◆ Task directions:
In the entries below, repeat only the lines between those holding "間取り内訳 | LDK11帖・洋室8帖・洋室6.7帖・洋室6.1帖・洋室6帖" and "由此可見,全國主要城市污水處", inclusive. Leave pictures out.

◆ Data for analysis:
◇ ◇ ◇ ◇

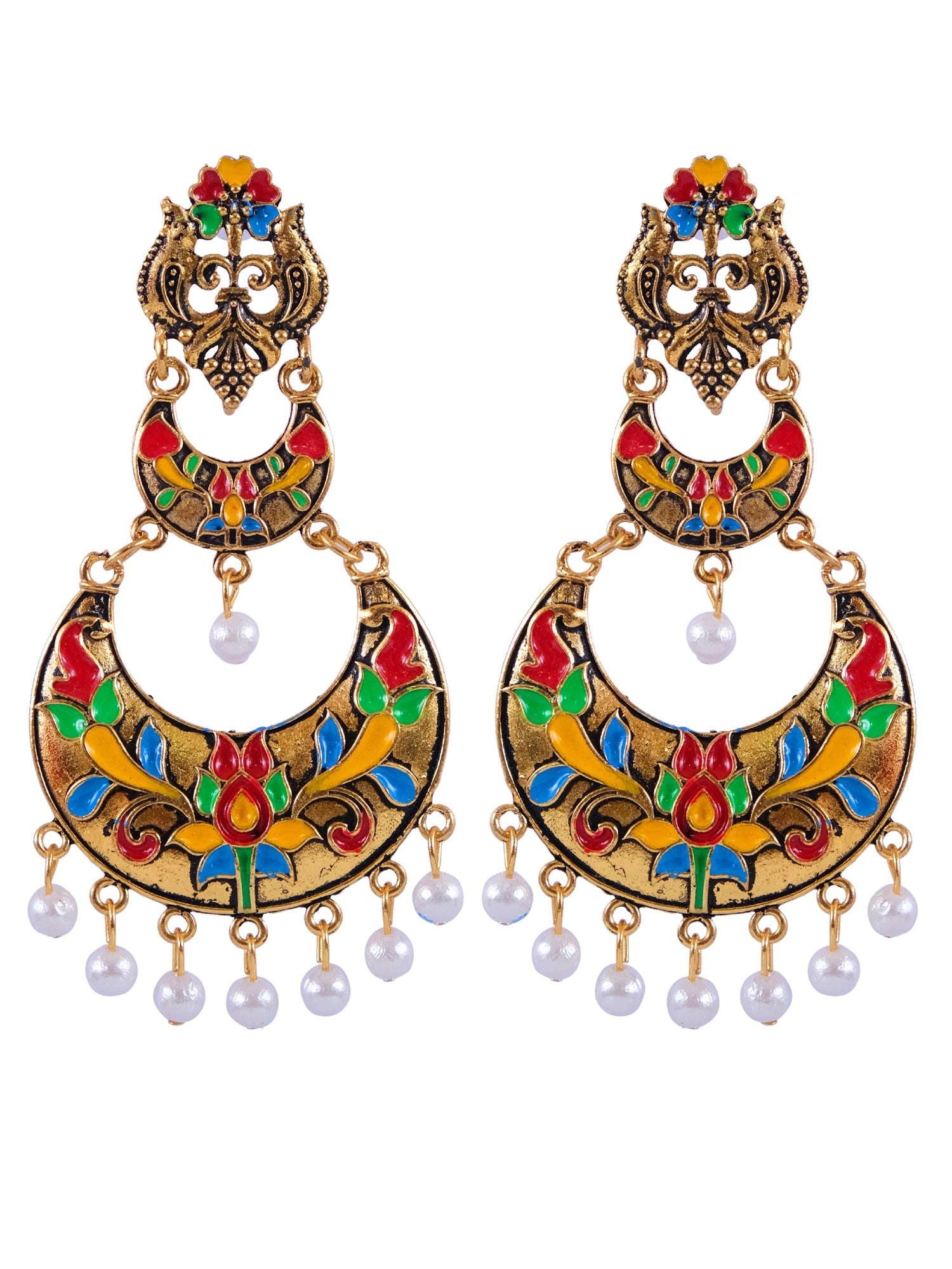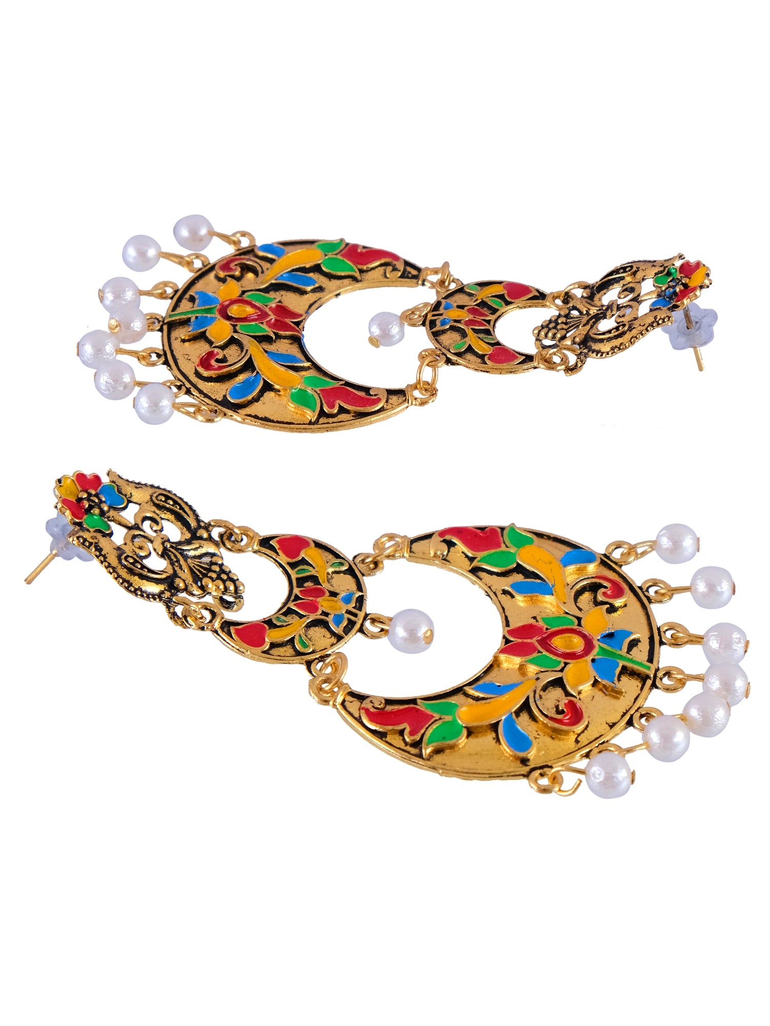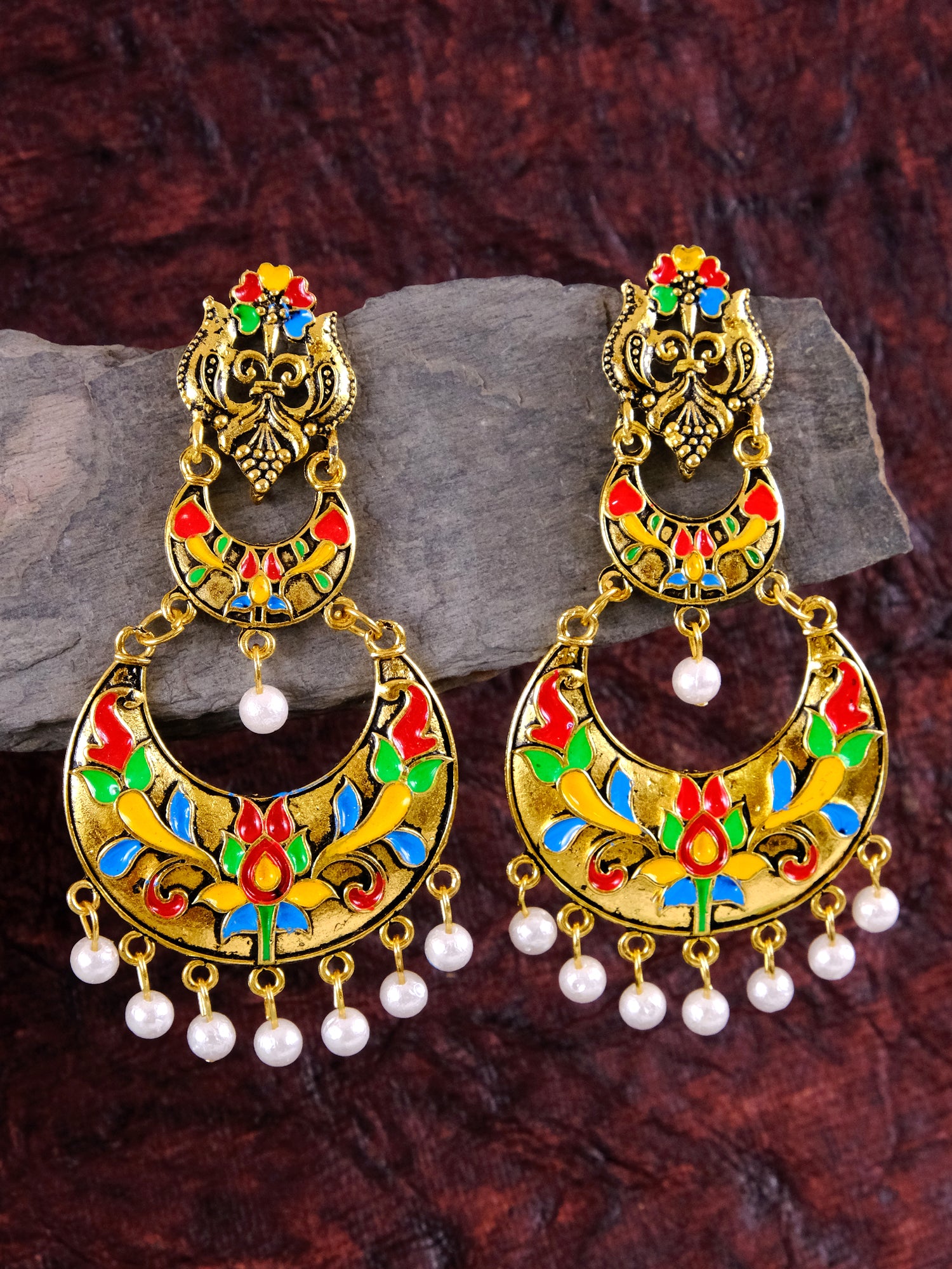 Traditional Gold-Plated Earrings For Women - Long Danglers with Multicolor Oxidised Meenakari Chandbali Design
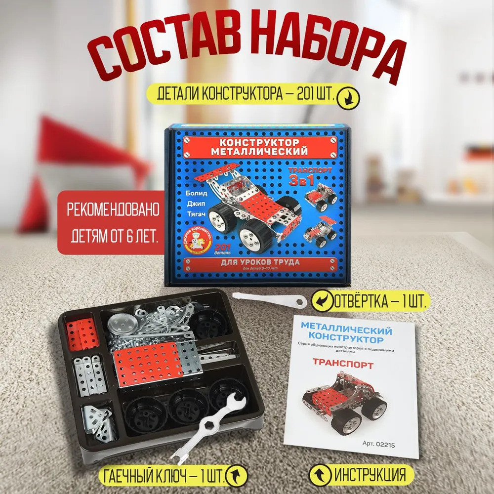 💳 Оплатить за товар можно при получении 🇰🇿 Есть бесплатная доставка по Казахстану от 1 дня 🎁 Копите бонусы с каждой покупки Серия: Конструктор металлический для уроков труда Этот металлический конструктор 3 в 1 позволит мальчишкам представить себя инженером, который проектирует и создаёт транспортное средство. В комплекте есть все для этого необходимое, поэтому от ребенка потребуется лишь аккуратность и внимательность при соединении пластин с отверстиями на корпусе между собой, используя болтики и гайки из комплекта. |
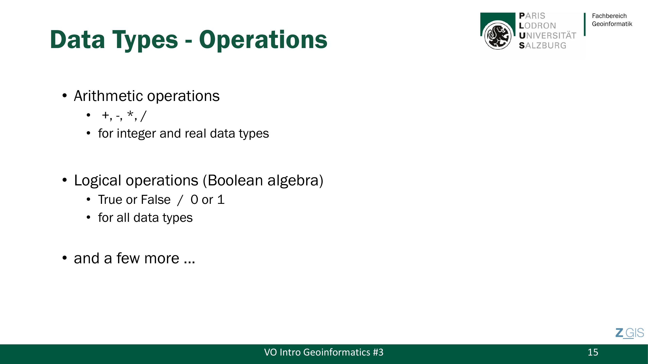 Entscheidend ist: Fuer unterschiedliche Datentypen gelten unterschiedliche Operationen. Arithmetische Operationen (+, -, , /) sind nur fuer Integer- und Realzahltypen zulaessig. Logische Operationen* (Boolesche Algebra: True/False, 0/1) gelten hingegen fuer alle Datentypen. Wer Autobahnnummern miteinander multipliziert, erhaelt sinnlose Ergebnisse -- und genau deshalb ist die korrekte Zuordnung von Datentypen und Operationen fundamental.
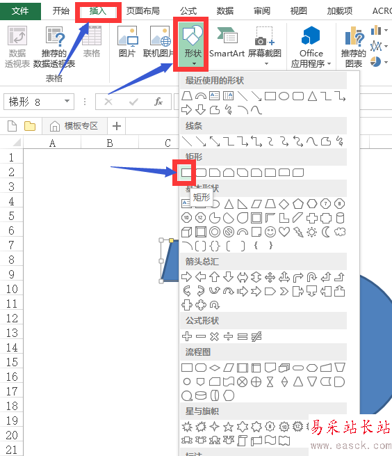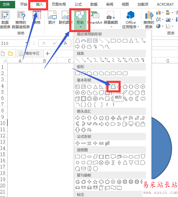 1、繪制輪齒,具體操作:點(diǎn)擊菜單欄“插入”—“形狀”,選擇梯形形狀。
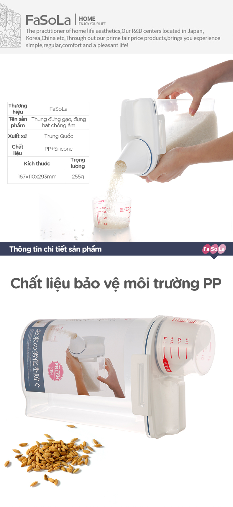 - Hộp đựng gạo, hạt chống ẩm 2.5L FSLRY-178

◇ ◇ ◇ ◇

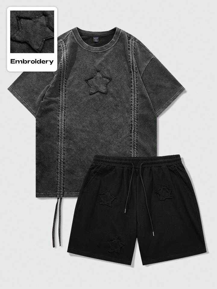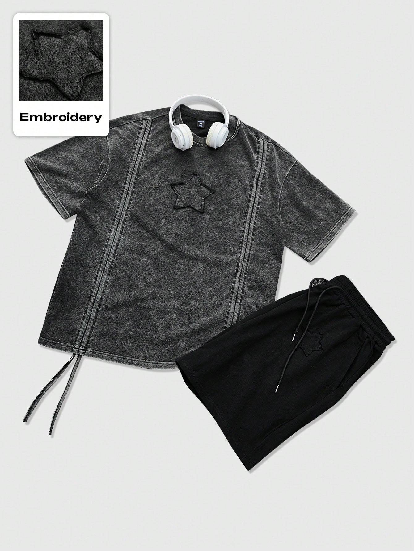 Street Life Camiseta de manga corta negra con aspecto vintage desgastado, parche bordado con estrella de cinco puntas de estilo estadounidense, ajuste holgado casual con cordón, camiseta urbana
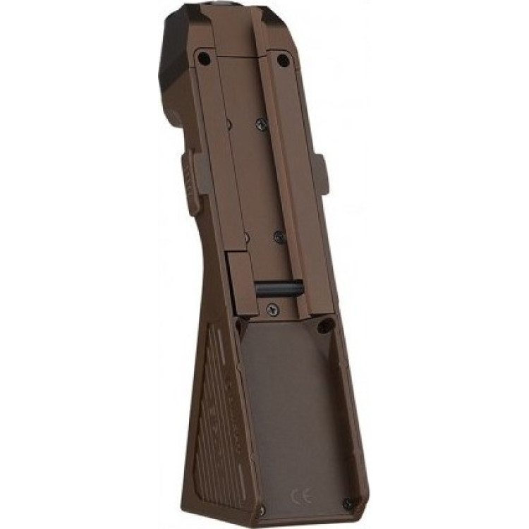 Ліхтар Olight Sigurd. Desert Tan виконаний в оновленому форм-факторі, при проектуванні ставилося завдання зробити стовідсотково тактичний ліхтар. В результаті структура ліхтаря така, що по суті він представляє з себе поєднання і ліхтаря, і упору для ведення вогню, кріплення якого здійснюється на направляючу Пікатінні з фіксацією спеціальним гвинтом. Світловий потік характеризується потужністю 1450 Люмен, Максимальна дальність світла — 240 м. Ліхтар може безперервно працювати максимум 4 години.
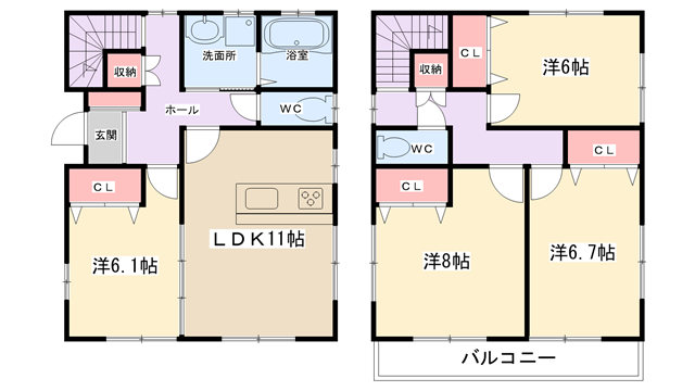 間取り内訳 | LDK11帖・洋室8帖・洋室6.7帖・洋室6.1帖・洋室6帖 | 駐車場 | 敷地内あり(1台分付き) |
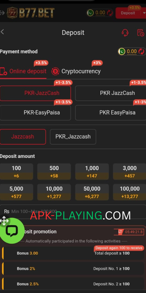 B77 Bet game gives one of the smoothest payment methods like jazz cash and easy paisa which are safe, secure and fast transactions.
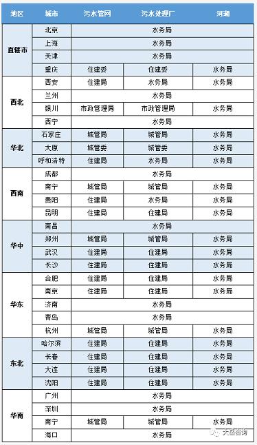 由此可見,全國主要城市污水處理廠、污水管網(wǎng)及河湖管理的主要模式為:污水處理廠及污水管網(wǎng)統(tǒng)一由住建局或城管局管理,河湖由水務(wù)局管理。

◇ ◇ ◇ ◇

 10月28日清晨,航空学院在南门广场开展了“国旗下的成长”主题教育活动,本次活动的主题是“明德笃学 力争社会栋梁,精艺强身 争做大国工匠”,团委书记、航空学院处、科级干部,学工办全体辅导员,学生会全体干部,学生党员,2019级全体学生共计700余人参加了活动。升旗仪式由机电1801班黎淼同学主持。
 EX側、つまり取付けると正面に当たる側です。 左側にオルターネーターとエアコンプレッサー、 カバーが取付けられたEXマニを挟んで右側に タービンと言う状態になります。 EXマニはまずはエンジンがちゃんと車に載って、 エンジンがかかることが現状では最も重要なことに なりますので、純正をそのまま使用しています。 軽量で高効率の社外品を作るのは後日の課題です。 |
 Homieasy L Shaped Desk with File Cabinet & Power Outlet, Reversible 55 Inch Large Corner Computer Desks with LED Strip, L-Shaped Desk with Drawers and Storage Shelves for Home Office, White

◇ ◇ ◇ ◇

◆ Reply:
 間取り内訳 | LDK11帖・洋室8帖・洋室6.7帖・洋室6.1帖・洋室6帖 | 駐車場 | 敷地内あり(1台分付き) |
 B77 Bet game gives one of the smoothest payment methods like jazz cash and easy paisa which are safe, secure and fast transactions.
 由此可見,全國主要城市污水處理廠、污水管網(wǎng)及河湖管理的主要模式為:污水處理廠及污水管網(wǎng)統(tǒng)一由住建局或城管局管理,河湖由水務(wù)局管理。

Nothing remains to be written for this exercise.